What needs to be done: When you reach the line that contains "Poster Ritratto di", begin copying exactly, and continue through the last line of the data; no pictures belong in the copy.

Records for this exercise:
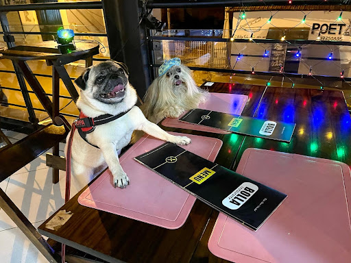 Além do salão interno, há um espaço externo coberto (que possui grades e vidros para segurança e uma parte aberta para ventilação) com mesinhas, bem gostoso para fazer as refeições ou comer um petisco na companhia dos dogs.
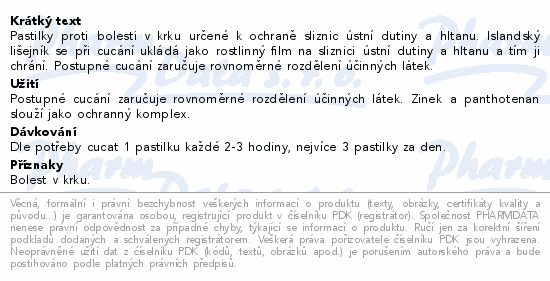 Pastilky proti bolesti v krku určené k ochraně sliznic ústní dutiny a hltanu. Islandský lišejník se při cucání ukládá jako rostlinný film na sliznici ústní dutiny a hltanu a tím ji chrání. Postupné cucání zaručuje rovnoměrné rozdělení účinných látek.
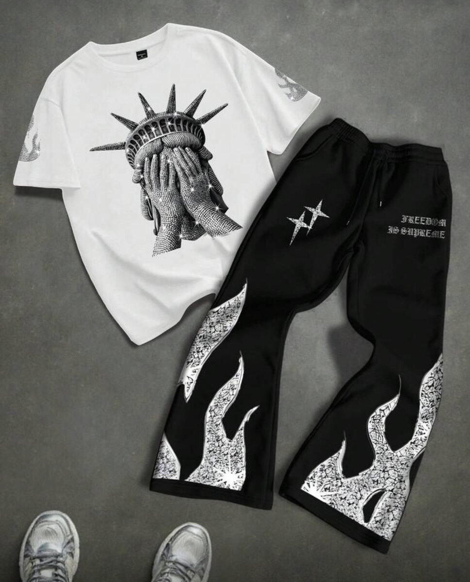 Exprimez votre style unique avec cet ensemble branché comprenant un t-shirt à imprimé Statue de la Liberté et un pantalon à motifs flammes. Parfait pour un look audacieux et original. Disponible en différentes tailles. Idéal pour les sorties décontractées ou les moments de détente en ville!
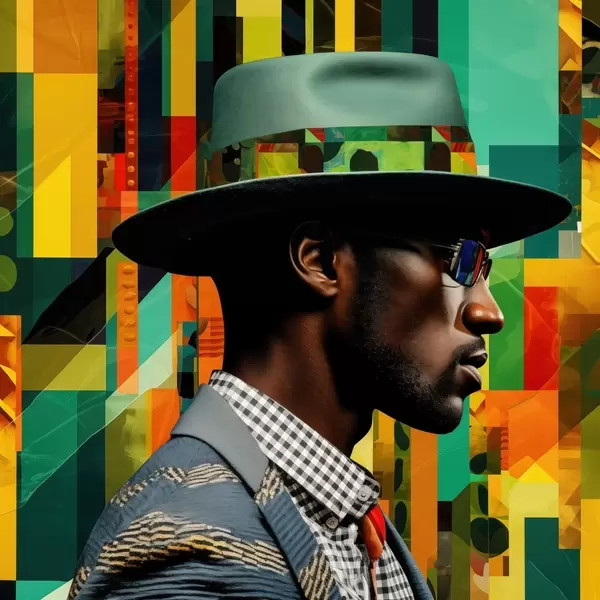 Poster Ritratto di uomo con cappello su sfondo vivace f48100
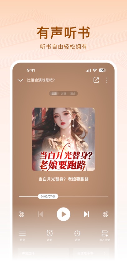 先進的AI智能語音系統提供男女聲、多年齡段等多樣化音色選擇,情感合成技術精準演繹作品中的情緒變化,營造擬真播講體驗。聽書設置面板支持語速精細調節、定時關閉和背景播放,場景自適應系統根據通勤、睡前等不同使用場景智能優化聽書參數。離線下載功能允許用戶緩存音頻內容,這些聽書功能使用戶日均聽書時長提升至90分鐘,真正實現了閱讀場景的全覆蓋。
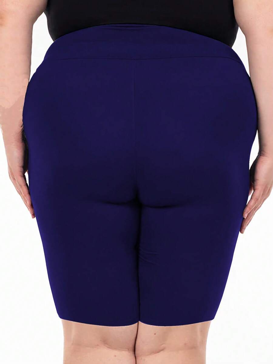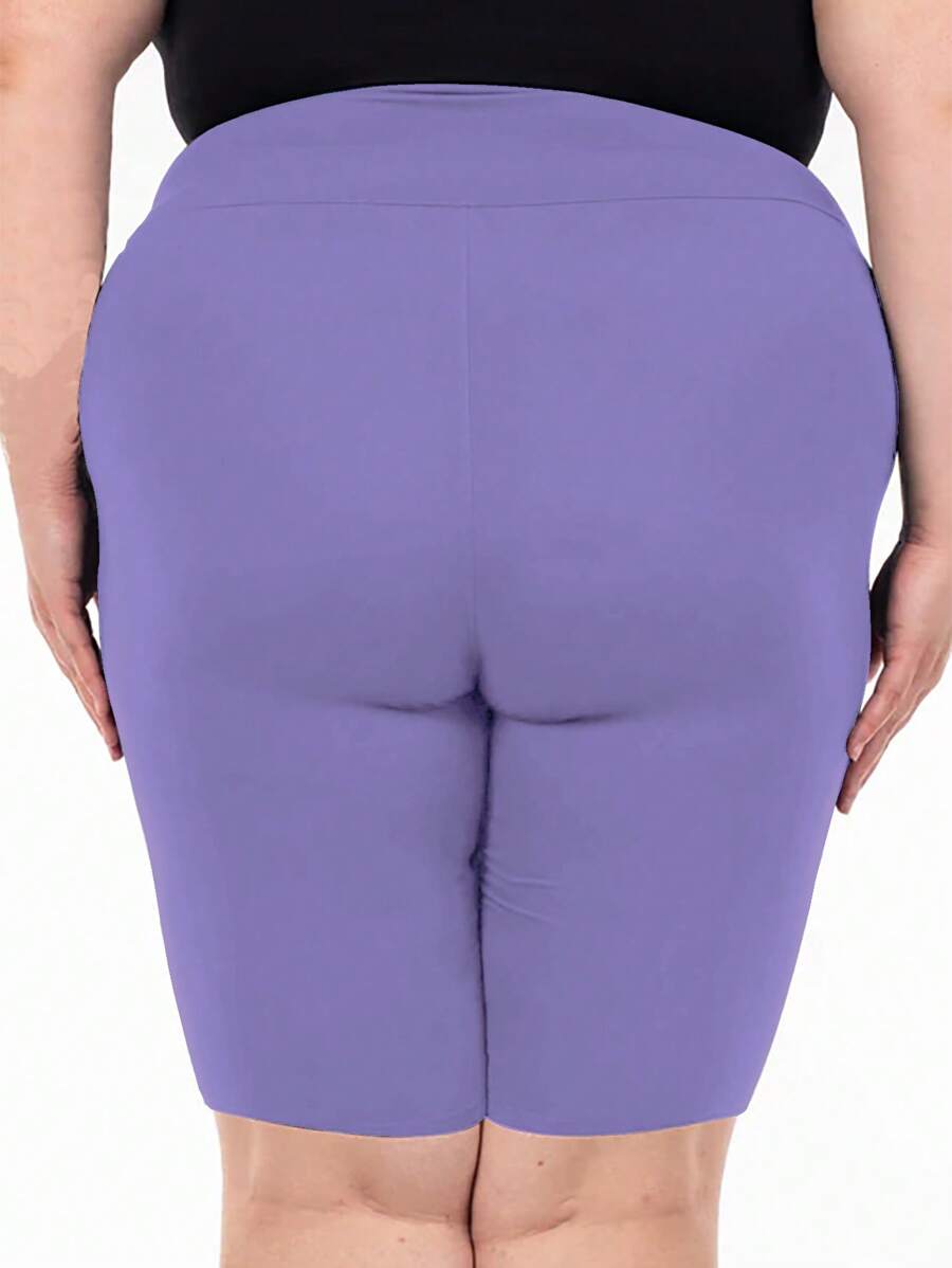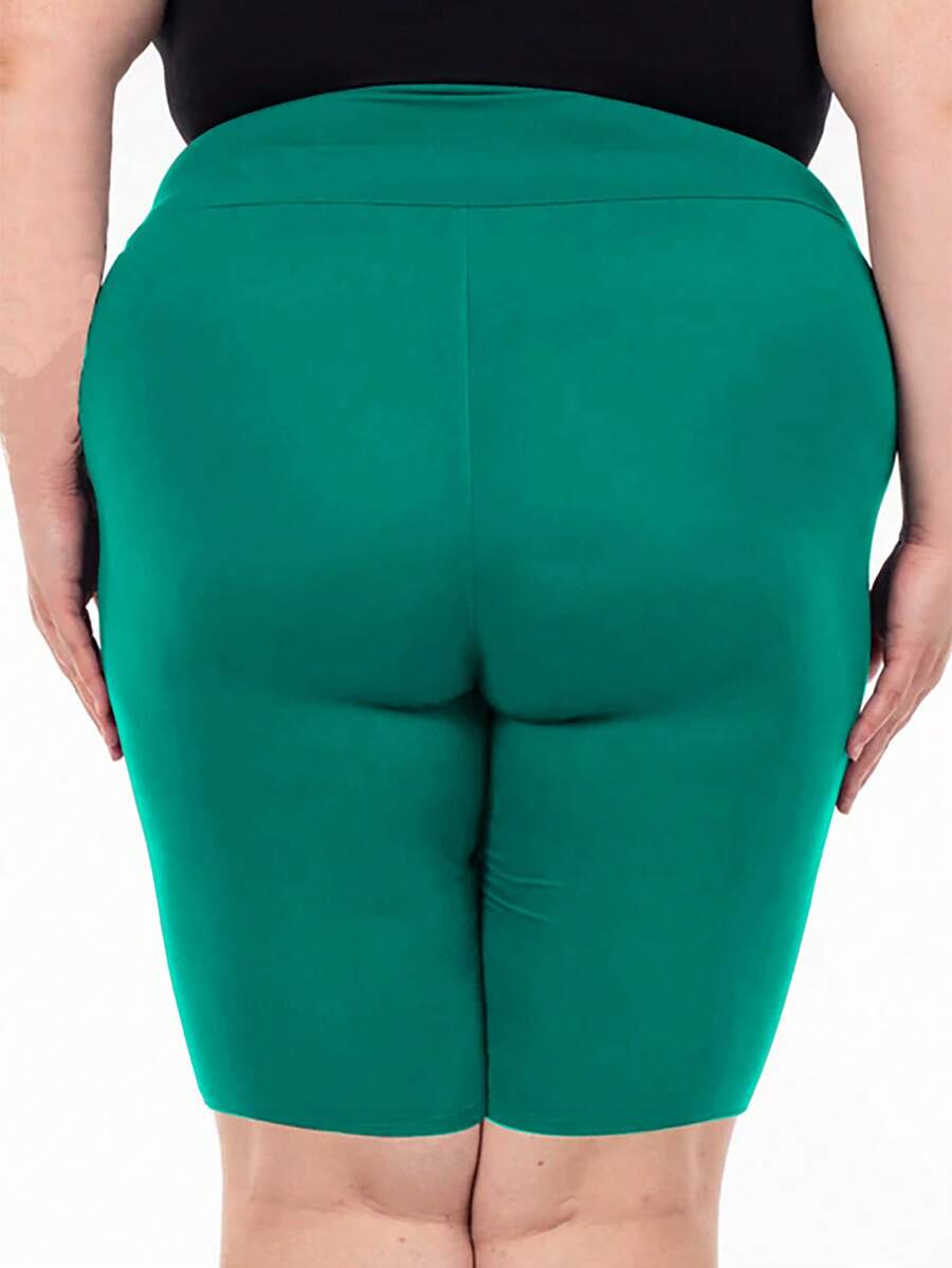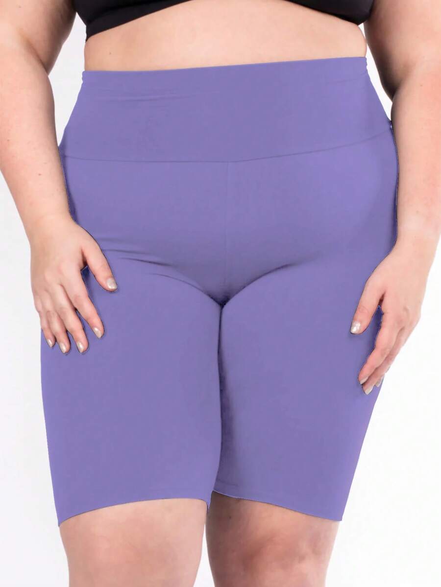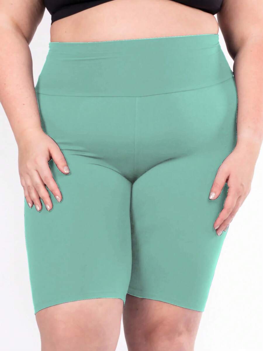 Pantalones cortos de mujer de talla grande de unicolor, tela de punto de poliester, cintura elastica, longitud corta, mallas de fitness de alta elasticidad, adecuadas para uso casual y entrenamiento los fines de semana
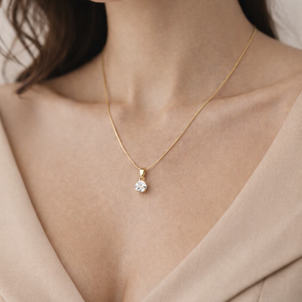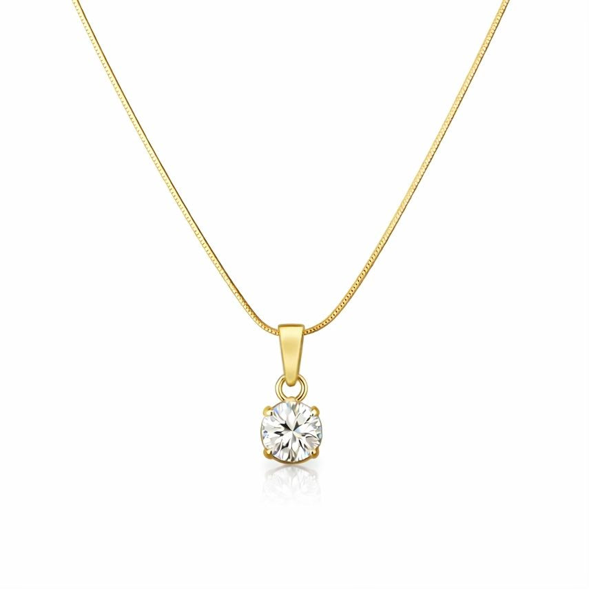 A classic brilliant round cut pendant, crafted in 18k Yellow Gold. Paired with an 18 inch 18k Yellow Gold omega flat chain.
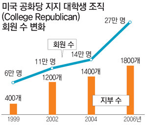 특히 부시 행정부 2기들어 민주당은 젊은층에서 지지세를 더욱 넓혔다. 최근 여론조사들을 보면 18~29세 유권자의 정당 지지율은 민주당 62%, 공화당 30%로 민주당이 압도적 우위다. 이는 전체 유권자에서 민주당이 12% 포인트 앞서는 것 보다 훨씬 큰 격차를 보이는 것. 지난해 11월 중간선거때 젊은층에서 민주당 우세가 20% 포인트였던데 비해서도 민주당 지지세가 더 확산된 것.
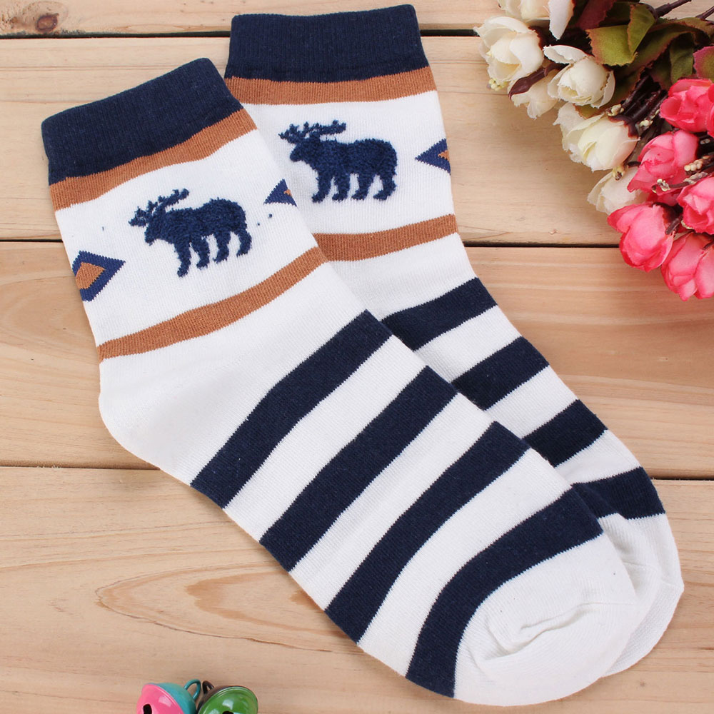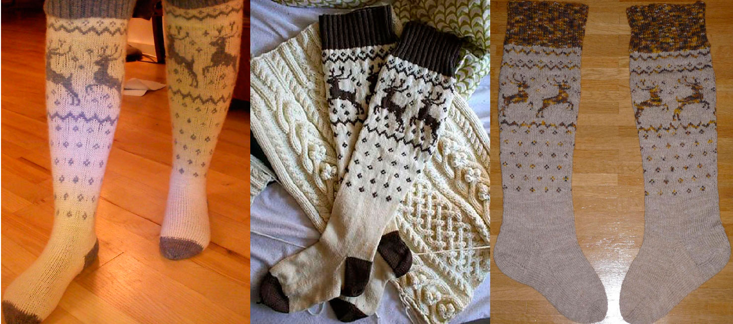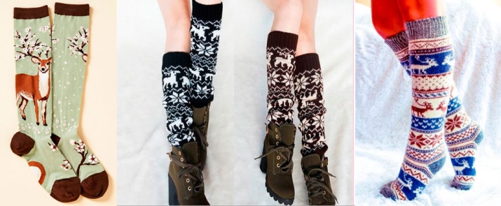 Today in fashion socks with deer, this print is often called the "Norwegian pattern." He came to European countries from Norway and decorates various warm clothes. The harsh climate of those edges contributed to the development of knitting. Thanks to the fabulous winter theme, the idea of the pattern was not long in coming. Among the suppliers of hosiery assortment, socks from Turkey and Japan are the most popular.
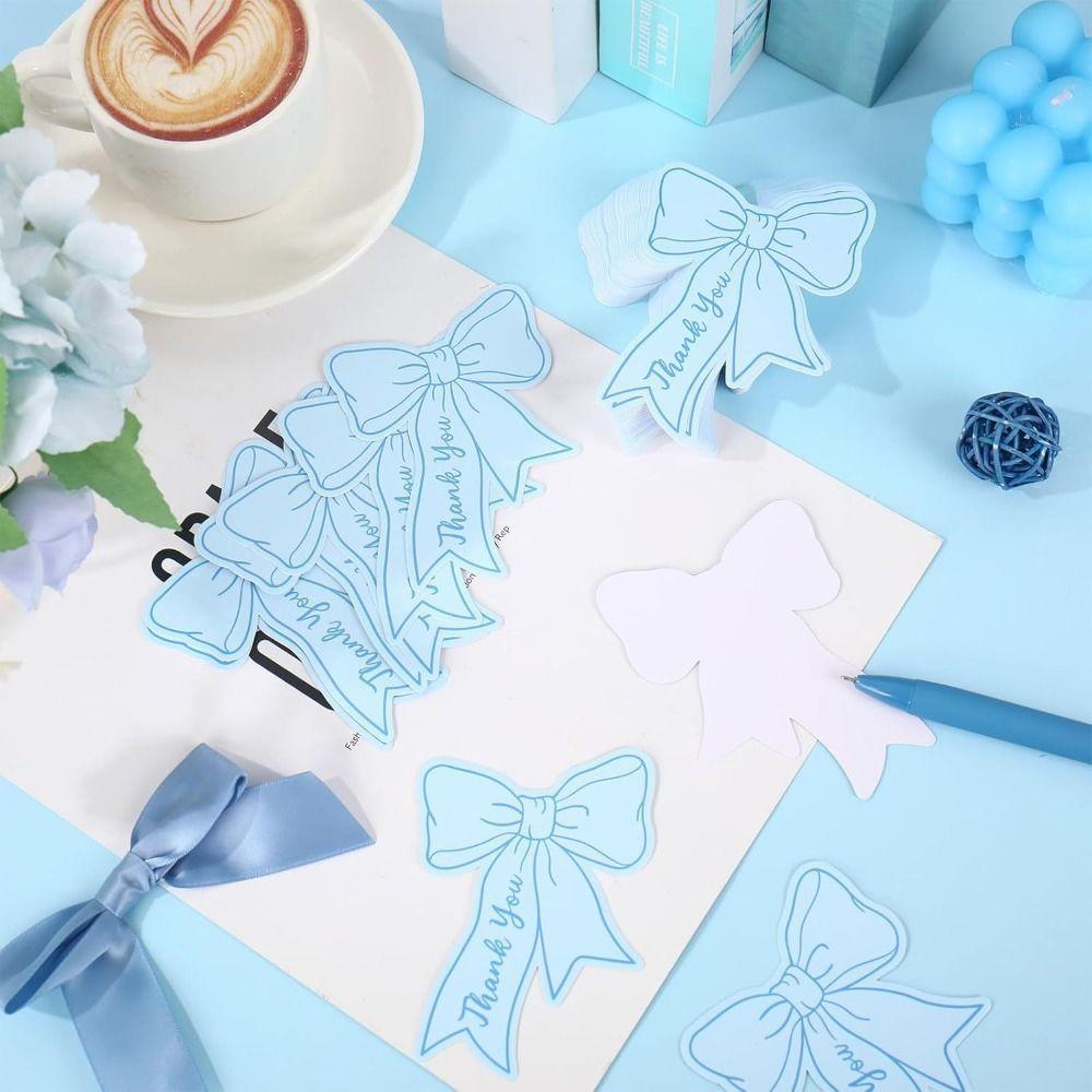 100pcs 2.5x3.5 Inch Thank You Cards Paper Pink Bow Gift Card Handwritten Style DIY Crafts Bowknot Cards Happy Valentines Days
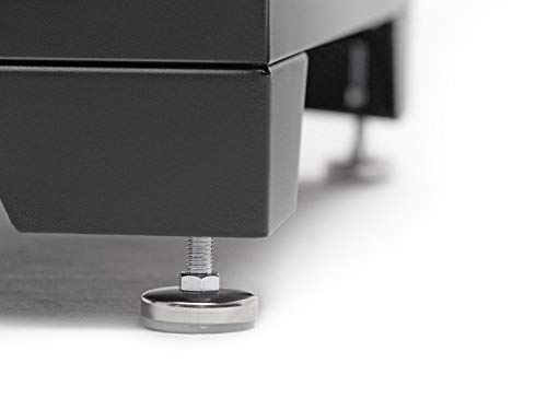 - Height-adjustable steel shelves accommodate different sized items

Task answer:
 Poster Ritratto di uomo con cappello su sfondo vivace f48100
 先進的AI智能語音系統提供男女聲、多年齡段等多樣化音色選擇,情感合成技術精準演繹作品中的情緒變化,營造擬真播講體驗。聽書設置面板支持語速精細調節、定時關閉和背景播放,場景自適應系統根據通勤、睡前等不同使用場景智能優化聽書參數。離線下載功能允許用戶緩存音頻內容,這些聽書功能使用戶日均聽書時長提升至90分鐘,真正實現了閱讀場景的全覆蓋。
 Pantalones cortos de mujer de talla grande de unicolor, tela de punto de poliester, cintura elastica, longitud corta, mallas de fitness de alta elasticidad, adecuadas para uso casual y entrenamiento los fines de semana
 A classic brilliant round cut pendant, crafted in 18k Yellow Gold. Paired with an 18 inch 18k Yellow Gold omega flat chain.
 특히 부시 행정부 2기들어 민주당은 젊은층에서 지지세를 더욱 넓혔다. 최근 여론조사들을 보면 18~29세 유권자의 정당 지지율은 민주당 62%, 공화당 30%로 민주당이 압도적 우위다. 이는 전체 유권자에서 민주당이 12% 포인트 앞서는 것 보다 훨씬 큰 격차를 보이는 것. 지난해 11월 중간선거때 젊은층에서 민주당 우세가 20% 포인트였던데 비해서도 민주당 지지세가 더 확산된 것.
 Today in fashion socks with deer, this print is often called the "Norwegian pattern." He came to European countries from Norway and decorates various warm clothes. The harsh climate of those edges contributed to the development of knitting. Thanks to the fabulous winter theme, the idea of the pattern was not long in coming. Among the suppliers of hosiery assortment, socks from Turkey and Japan are the most popular.
 100pcs 2.5x3.5 Inch Thank You Cards Paper Pink Bow Gift Card Handwritten Style DIY Crafts Bowknot Cards Happy Valentines Days
 - Height-adjustable steel shelves accommodate different sized items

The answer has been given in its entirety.